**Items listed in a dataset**
· · · ·
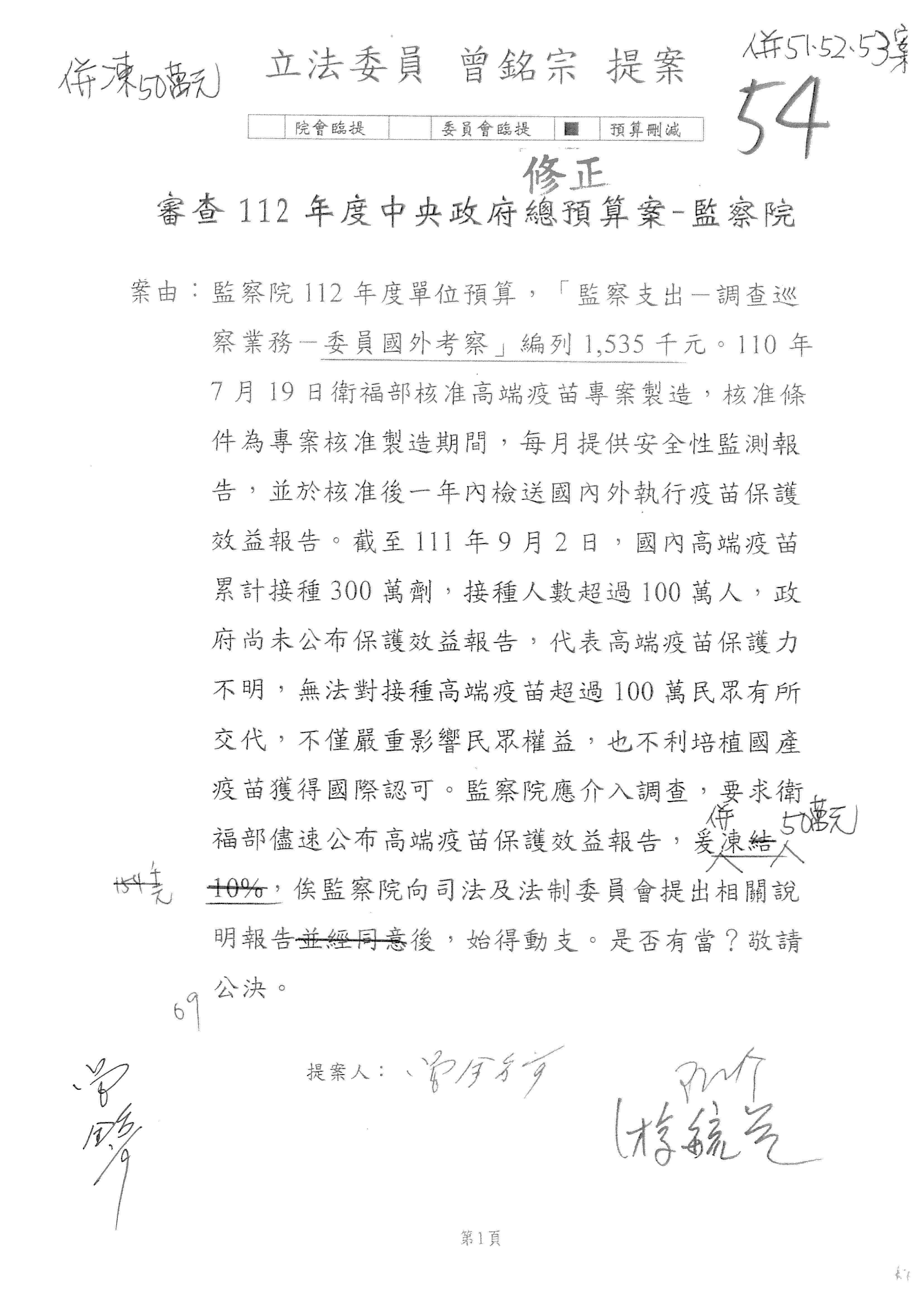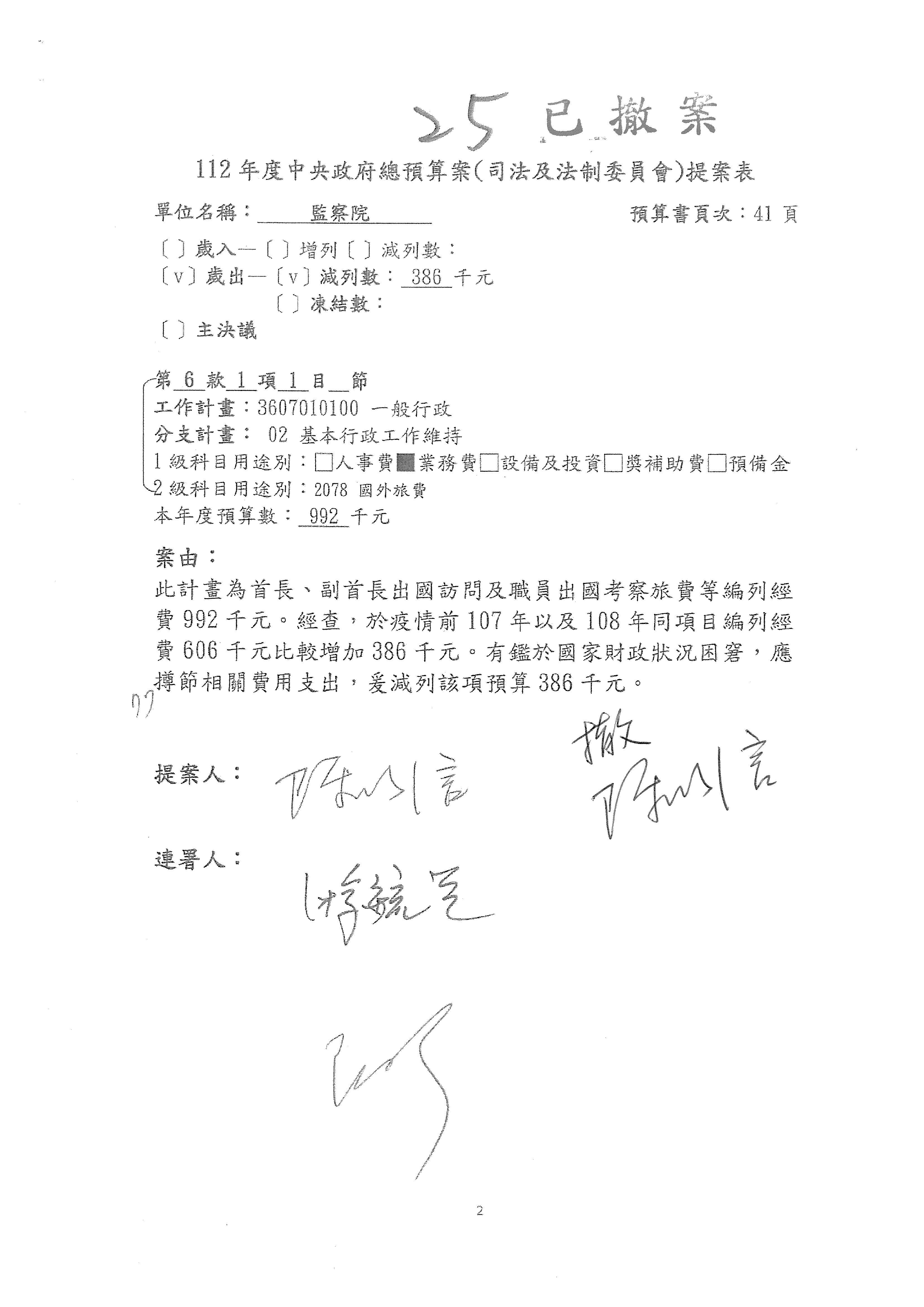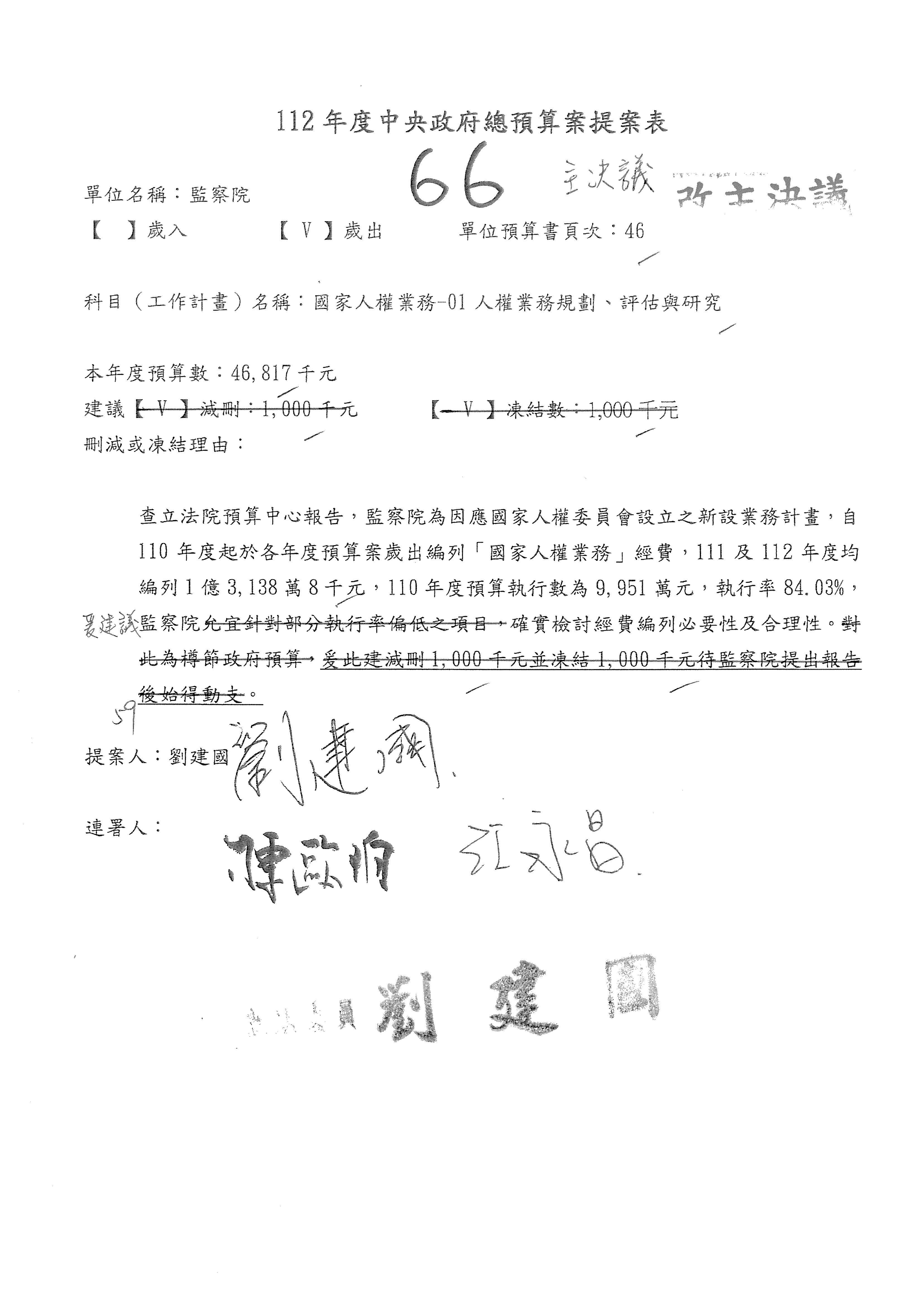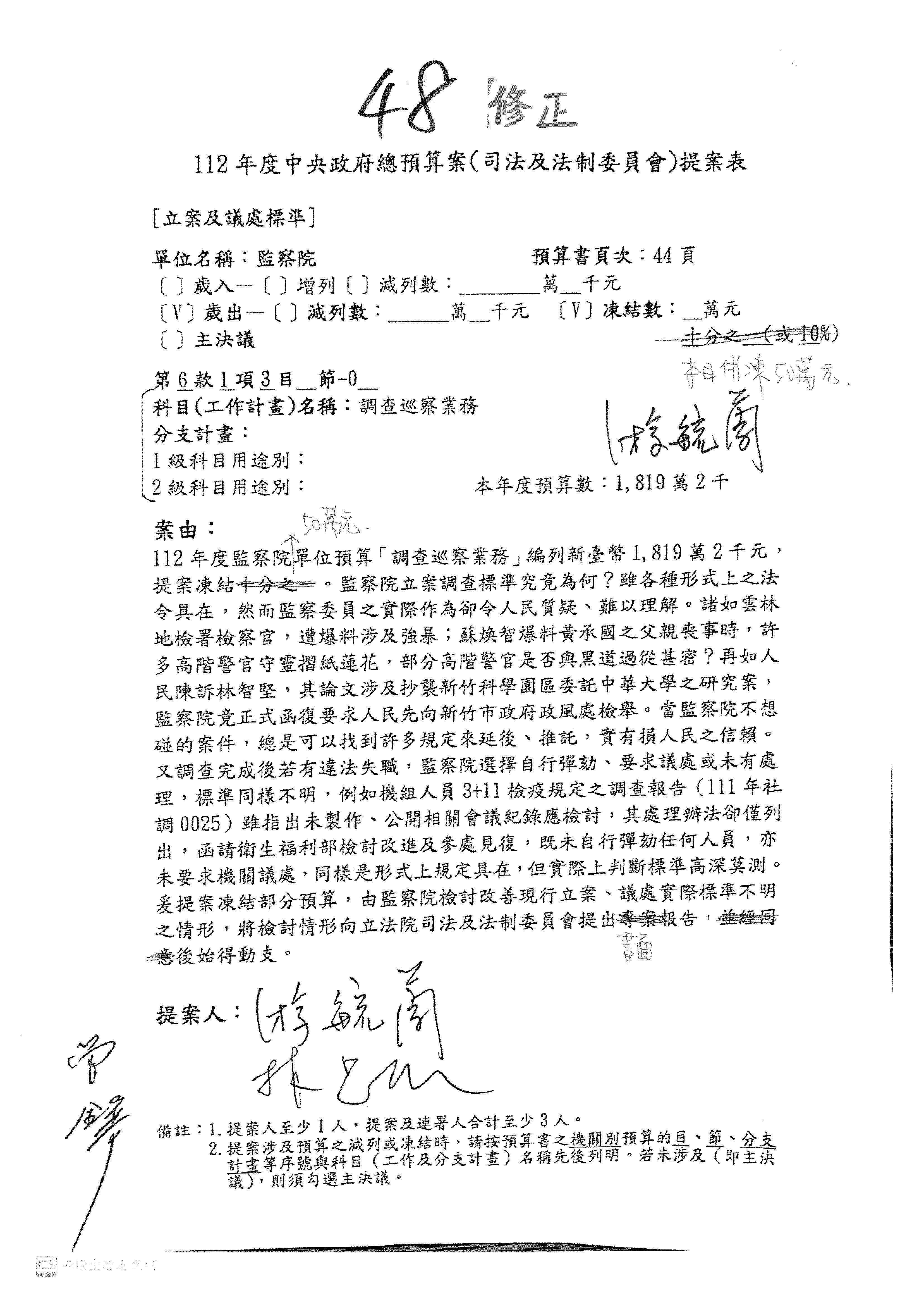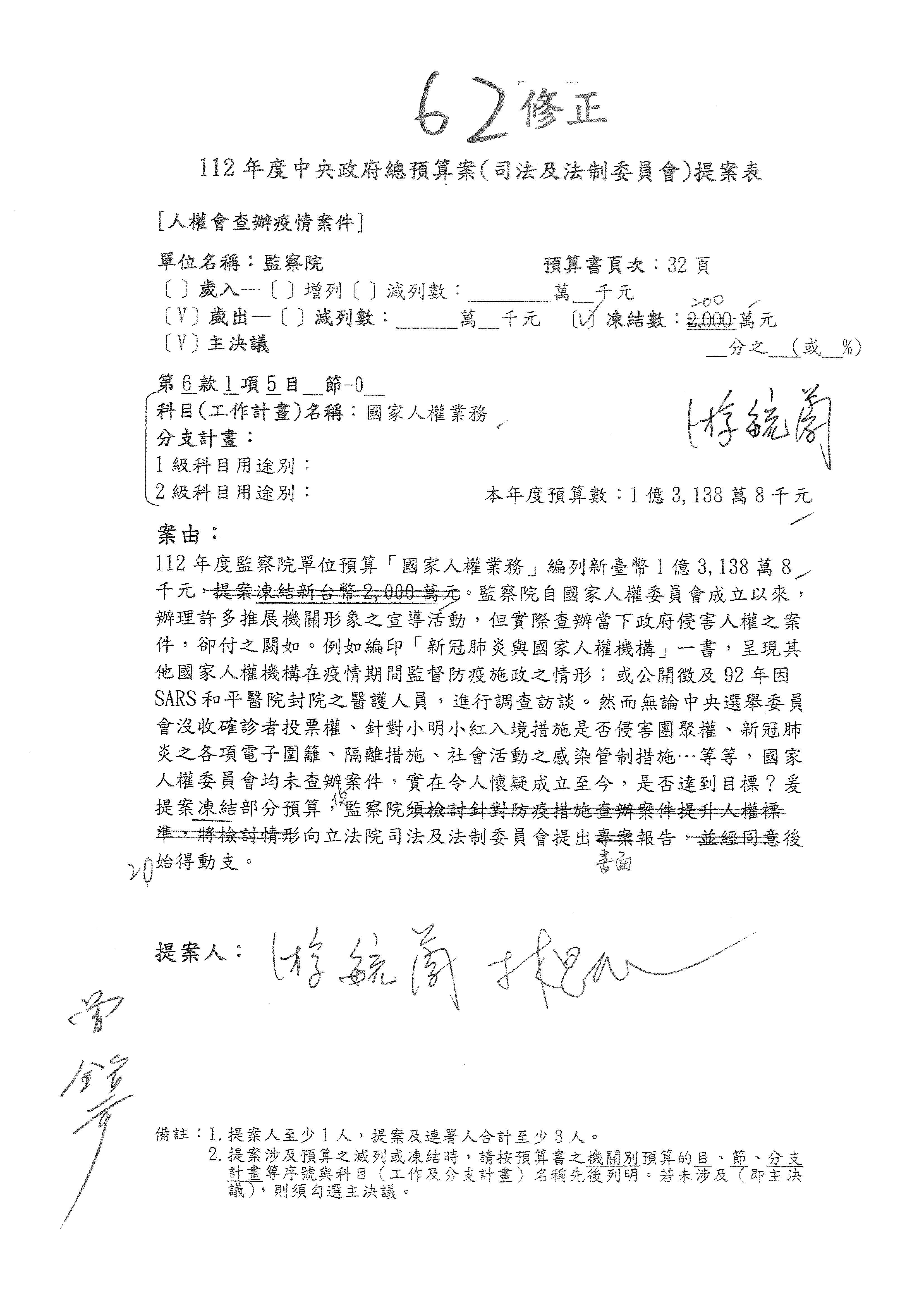 現在處理討論事項第一案─繼續審查112年度中央政府總預算案關於監察院主管收支部分,在處理之前,請議事人員一併宣讀討論事項第一案預算案之全部預算數及委員提案,請宣讀。
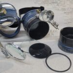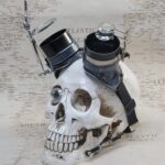 -Black distressed aluminum extension rings are attached to each eyepiece.
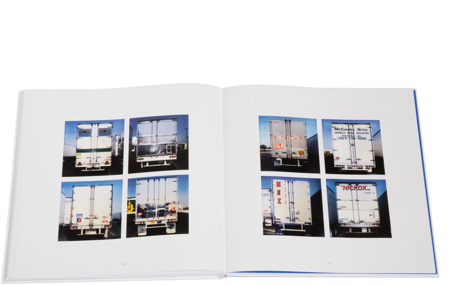 With Road Work, Andrew Holmes continues his pilgrimage through the seductive litter of modern urban life. Cities are conventionally viewed as static objects, but a third of Los Angeles is on the move; it is a kaleidoscope trapped in a grid, where what you see is what you drive past. Road Work presents 500 of Holmes’ Los Angeles Polaroids, capturing the machines that deliver people and goods to different parts of the city every day. These vehicles are seen at the airport, at a truck stop, always in a parking bay, set classically against azure skies, frozen like statues in a Renaissance garden. Nothing transgresses the grid. The work is even; chrome and rust are its soul. Along with an introduction by Holmes, Road Work features a series of blank-verse interludes inspired by the lyrics of Chuck Berry and others.
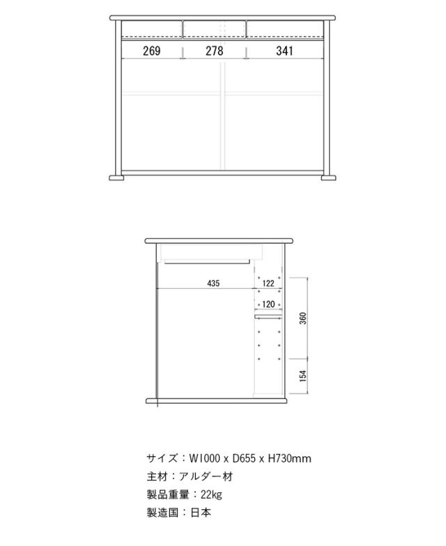 W1000 x D655 x H730mm
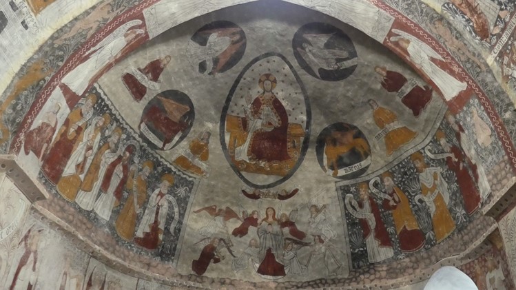 La voûte et les murs sont entièrement recouverts de peintures murales, classées.
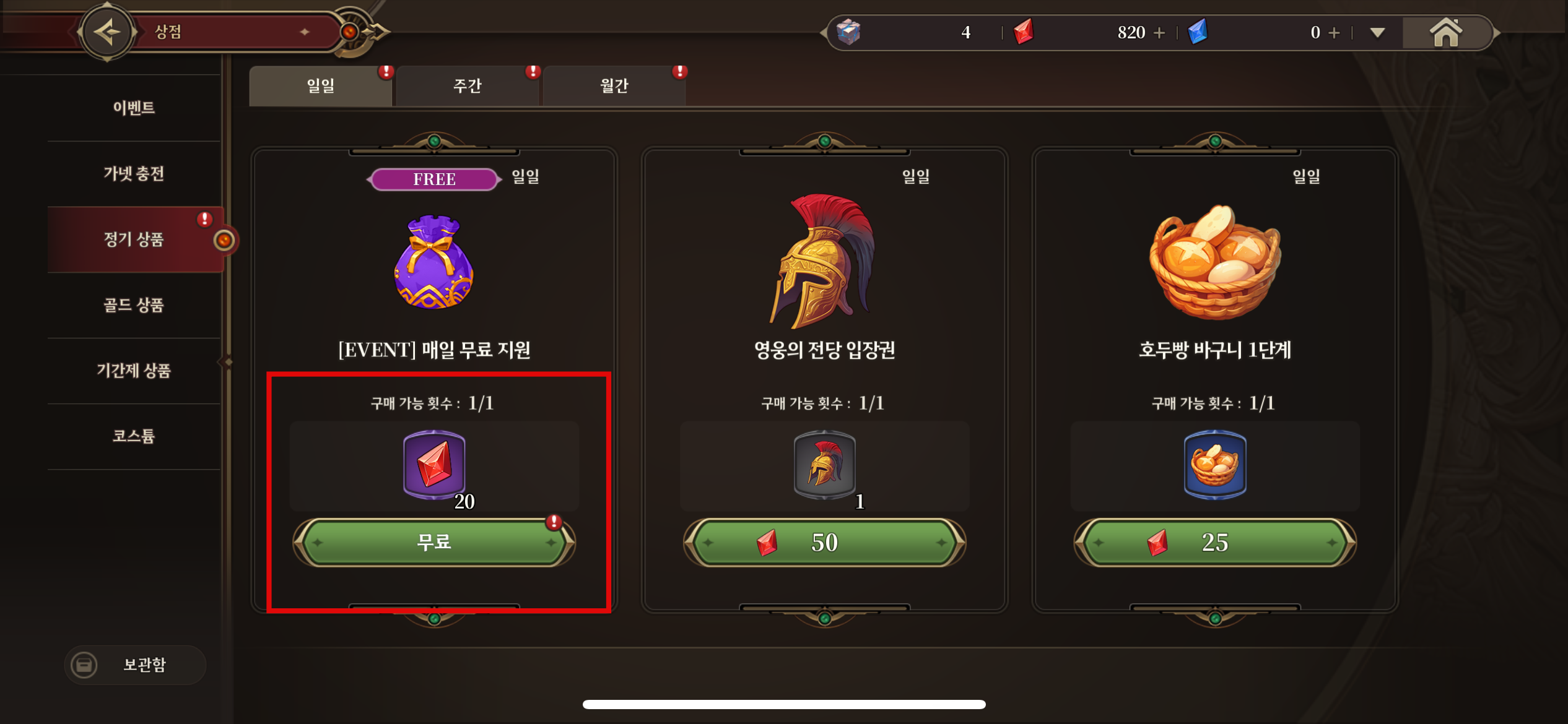 3. 상점에 가서 무료 보석을
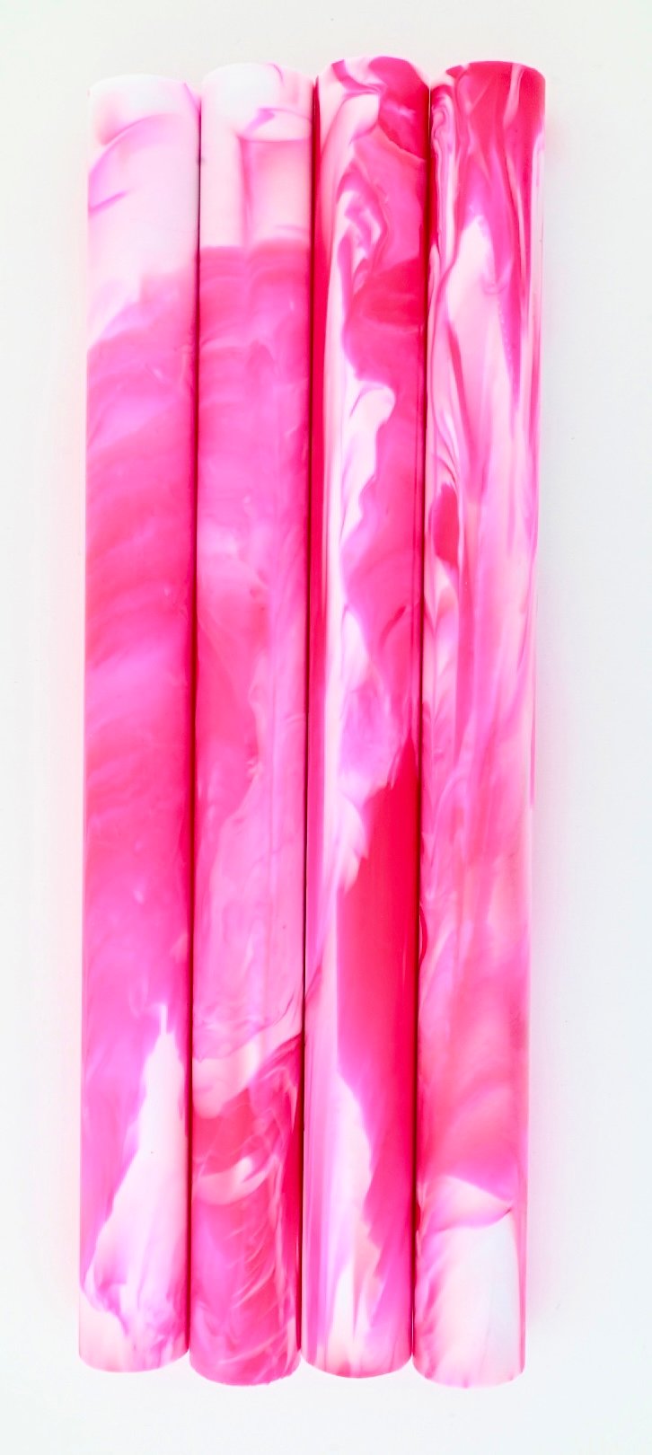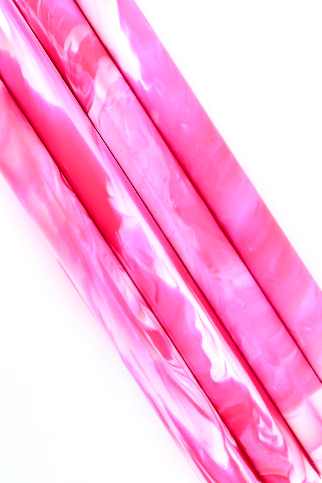 Premium, one of a kind custom bespoke pen blanks. High pressure cast and cured with Alumilite Resin®. 'Razzleberry' is cast with high quality mica pigments, including shades of pink, red and opaque white, resulting in a stunning blank! Made in small batches. These are exclusive, top of the line blanks we offer to custom pen makers. Perfect for the high end fountain pen maker, but would also look fantastic on a kit pen.
· · · ·
**ACTIVITY**
Print the data above exactly, from its first line to the line bearing "-Black distressed aluminum" inclusive, and keep pictures out of the result.

**WRITTEN ANSWER**
 現在處理討論事項第一案─繼續審查112年度中央政府總預算案關於監察院主管收支部分,在處理之前,請議事人員一併宣讀討論事項第一案預算案之全部預算數及委員提案,請宣讀。
 -Black distressed aluminum extension rings are attached to each eyepiece.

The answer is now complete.